October 31, 2017

The Reformation and the Brethren

Photo by Kendra Harbeck

lt’s rare that an event has such an impact that almost everyone recognizes its importance and remembers the date. Such moments can change the trajectory of history. In some cases, these events are so monumental that they come to mark the end of one age and the beginning of another.

Oct. 31, 1517, is one such date. That was when an Augustinian monk and theologian named Martin Luther posted his 95 Theses. With these short statements, Luther invited others into a theological debate over the sale of indulgences.

That debate never took place, but the document soon circulated all the way to the Vatican. Though Luther did not set out to form a new church, the direction of his life and work would lead to his excommunication, years of hiding in the castles of princes, and decades of war across Europe. Much of what Luther argued in his 95 Theses, and later developed in more extensive theological texts, is familiar to us today as Brethren—salvation by grace alone, the centrality of the Scriptures above church tradition, and the priesthood of all believers.

However, for Brethren and many others within the radical wings of the Reformation, Luther did not extend these ideas to their fullest conclusions. For instance, though Luther articulated the importance of the priesthood of all believers, he maintained a significant role for clergy within the church. This, coupled with the teaching role of clergy, meant that clergy and theologians still held a significant position in determining right belief. Anabaptists, and later the Brethren, took another, more radical, posture and said that the royal priesthood extended to all believers, who were to gather around the Scriptures and interpret them together.

More importantly for us today, the wake of violence in the decades after the dawn of the Reformation had a deep impact on the people who called themselves the Neue Taufer, or New Baptists. Luther not only started the great project of reform, but his movement also resulted in the partitioning of Europe by religious confession. Princes and magistrates unhappy with the economic and political role of the Catholic church quickly came to aid reform-minded theologians, protecting them with the military force of their wealth and power.

Decades of religiously and politically defined wars swept over Europe, as these leaders asserted their own sovereignty against other kingdoms and other churches. Eventually, peace came with the agreement at Westphalia that allowed territorial rulers to name the religious practice of their kingdoms. Creeds soon functioned as the measure of religious belief within these territories.

The Brethren, following the earlier Anabaptists, rejected this linking of political power and religious authority. Yet, unlike their Anabaptist predecessors, the Brethren asserted two new, even more radical, beliefs—no creed but the New Testament and no force in religion.
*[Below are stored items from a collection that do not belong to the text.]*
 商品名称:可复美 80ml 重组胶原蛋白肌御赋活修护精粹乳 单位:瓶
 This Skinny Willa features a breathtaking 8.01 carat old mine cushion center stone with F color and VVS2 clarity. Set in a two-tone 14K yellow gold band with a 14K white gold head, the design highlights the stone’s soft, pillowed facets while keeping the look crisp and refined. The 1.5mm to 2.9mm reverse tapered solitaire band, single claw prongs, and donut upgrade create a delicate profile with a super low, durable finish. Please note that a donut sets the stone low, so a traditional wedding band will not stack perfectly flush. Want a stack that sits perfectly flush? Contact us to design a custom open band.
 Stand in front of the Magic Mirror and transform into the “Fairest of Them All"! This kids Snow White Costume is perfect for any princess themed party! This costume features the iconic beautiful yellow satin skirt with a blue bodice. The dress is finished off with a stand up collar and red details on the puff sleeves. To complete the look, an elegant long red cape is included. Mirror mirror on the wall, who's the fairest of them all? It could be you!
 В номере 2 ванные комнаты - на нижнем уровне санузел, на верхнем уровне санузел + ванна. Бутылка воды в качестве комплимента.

While these two concepts were shaped by the Thirty Years War and the Peace of Westphalia, they were also consistent with that very radical idea of the Anabaptists, that believers were to be baptized upon the conscious confession of faith. In other words, people were not Christian by birth or by being residents of a particular kingdom, but by actively choosing a life of discipleship.

Today, on the 500th anniversary of the Reformation, Brethren are in a unique place. On the one hand, our very movement was possible thanks in large part to Luther’s bold attempts to reform the church. Our core beliefs as a church have their roots in Luther’s thought, either by drawing these ideas to their radical conclusion or in our rejection of them.
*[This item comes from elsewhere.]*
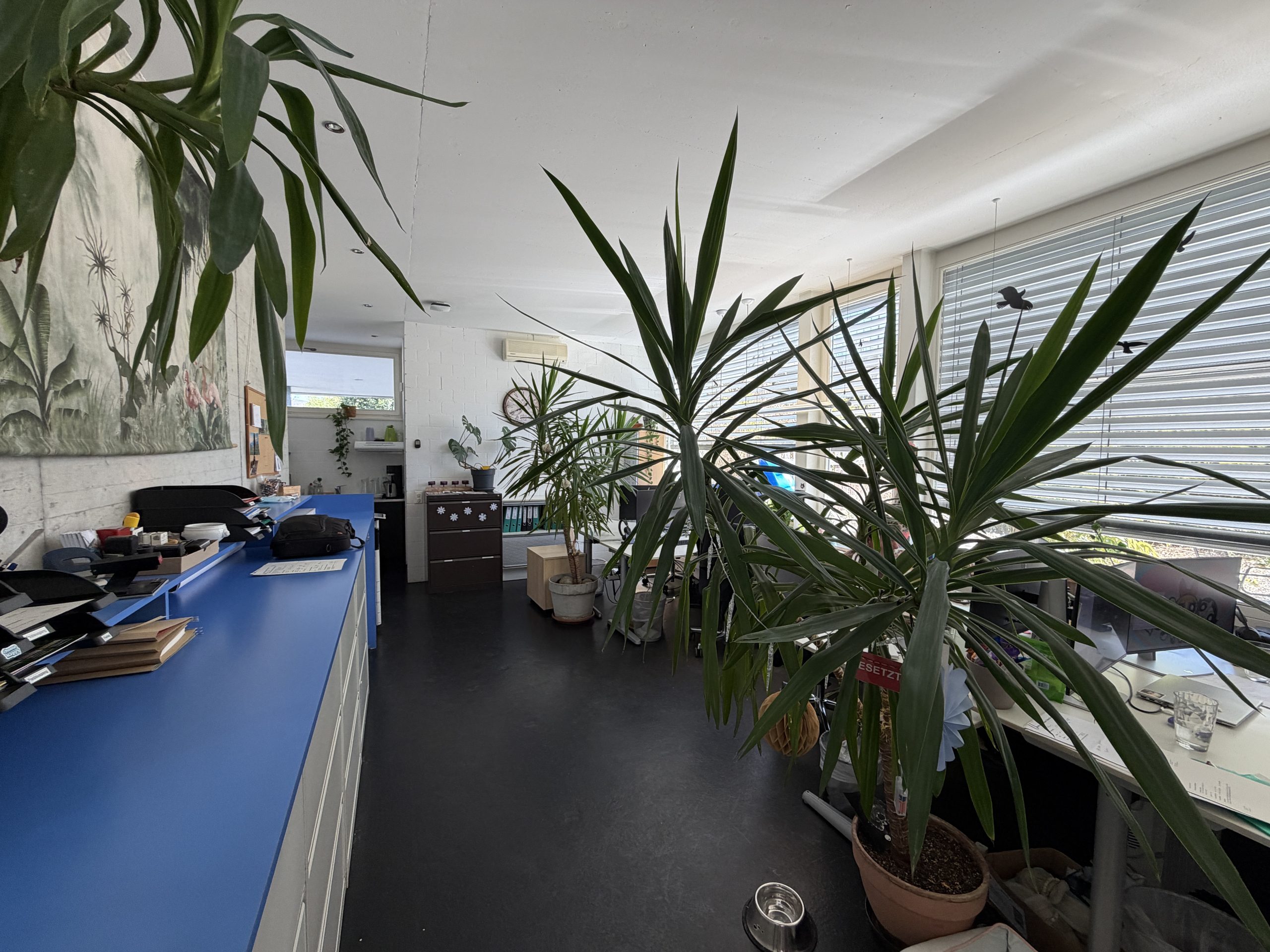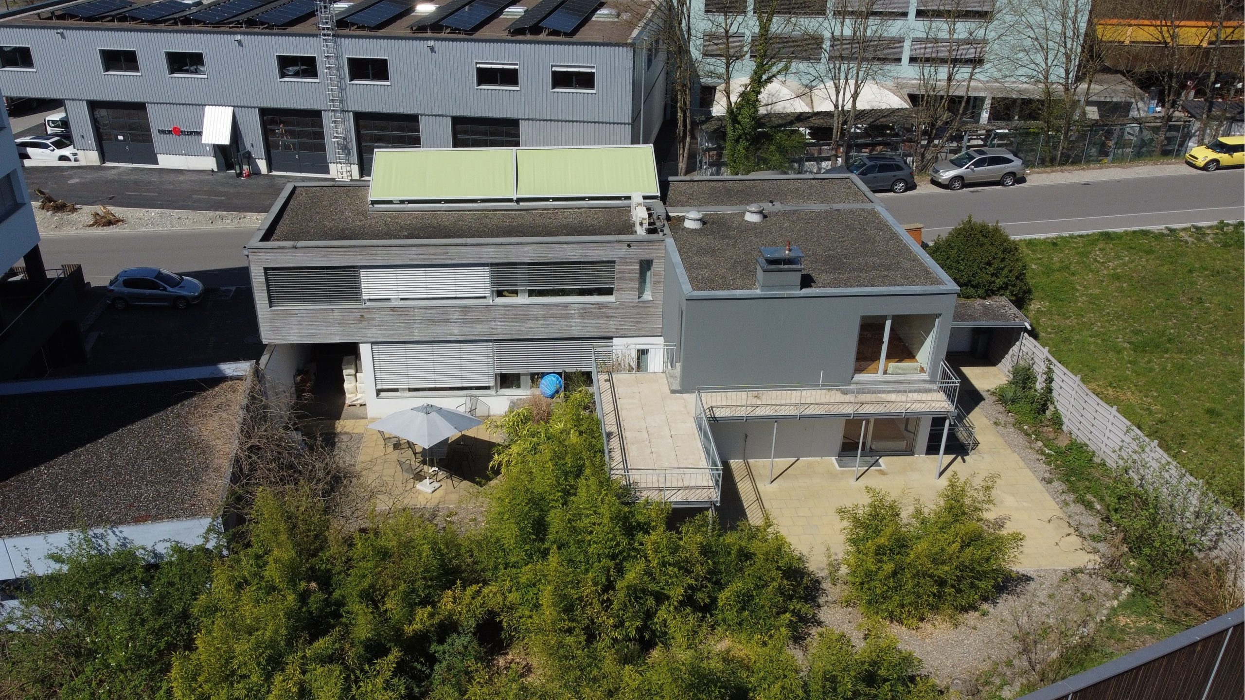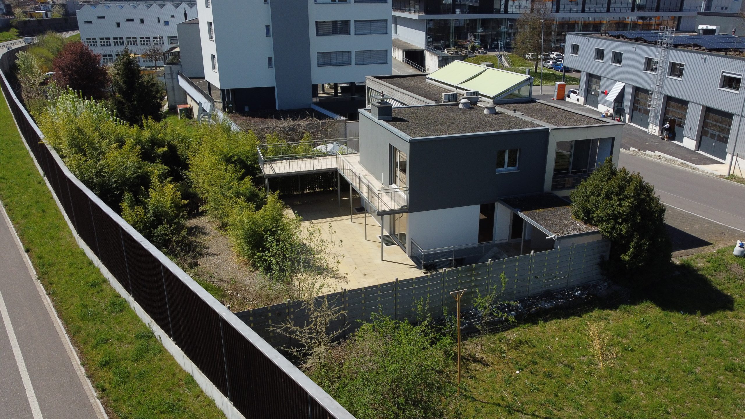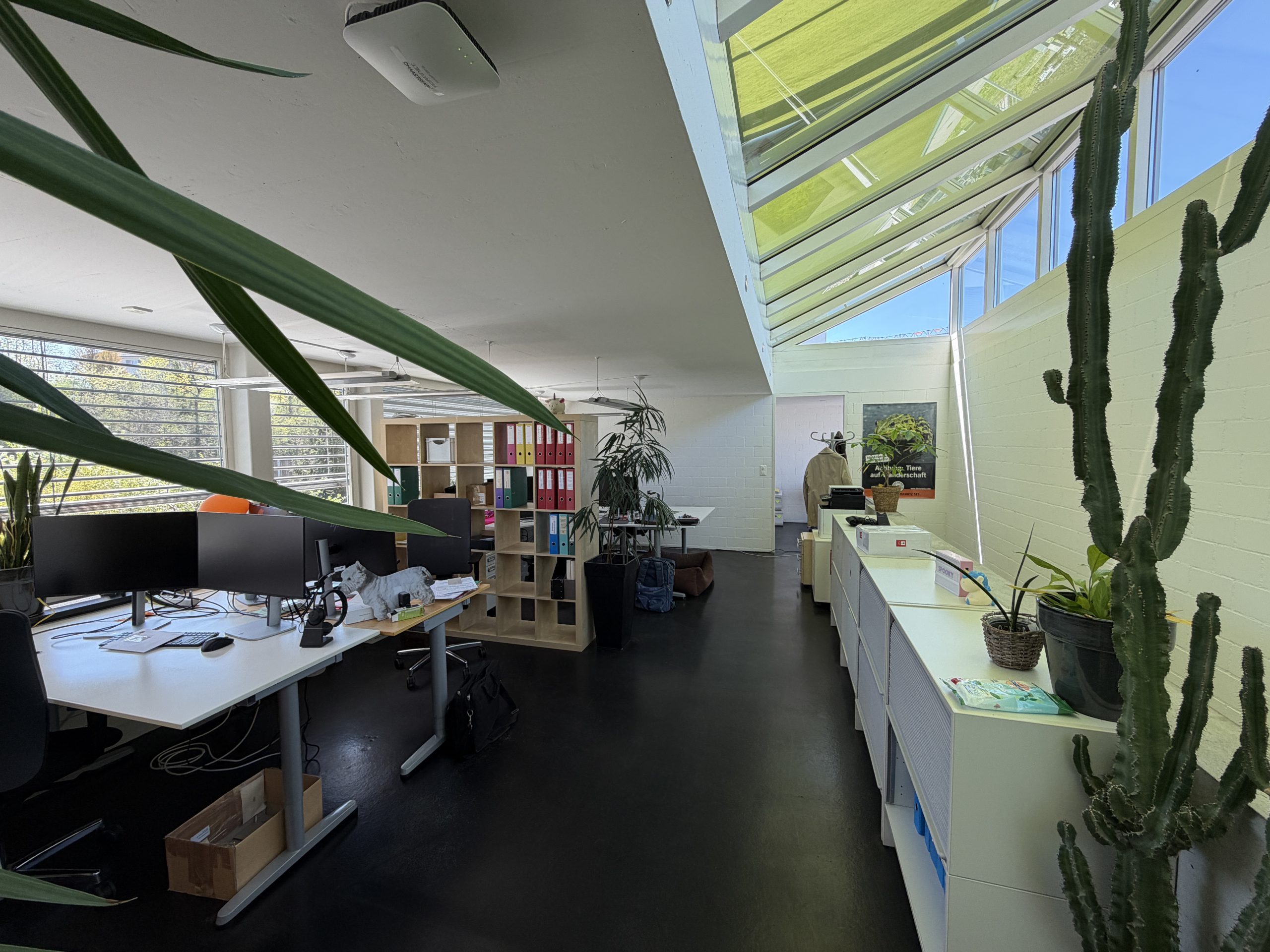 Der Bürotrakt erstreckt sich ebenfalls über zwei Ebenen mit Grossraumbüros, Einzelbüro, Sitzungszimmer, Teeküche und direktem Zugang zum Garten. Helle Räume, robuste Materialien, Klimageräte und Sonnenschutz sorgen für angenehmen Arbeitskomfort. Die Liegenschaft wurde 2003 umfassend saniert, die Gasheizung 2018 erneuert.

On the other hand, our own theological tradition emerged from the ruins of religious conflict. Our witness for peace, especially as it relates to baptism, scripture, and noncreedalism, was birthed among a people who witnessed the devastation of religious violence.

In this light, our posture during this momentous anniversary is one of remembrance, not celebration. We recall both the good and the bad of the age of Reformation. Perhaps appropriately, this approach is consistent with Luther’s own reminder that we are simultaneously sinner and saint.

Joshua Brockway is co-coordinator of Congregational Life Ministries and director of spiritual life and discipleship for the Church of the Brethren.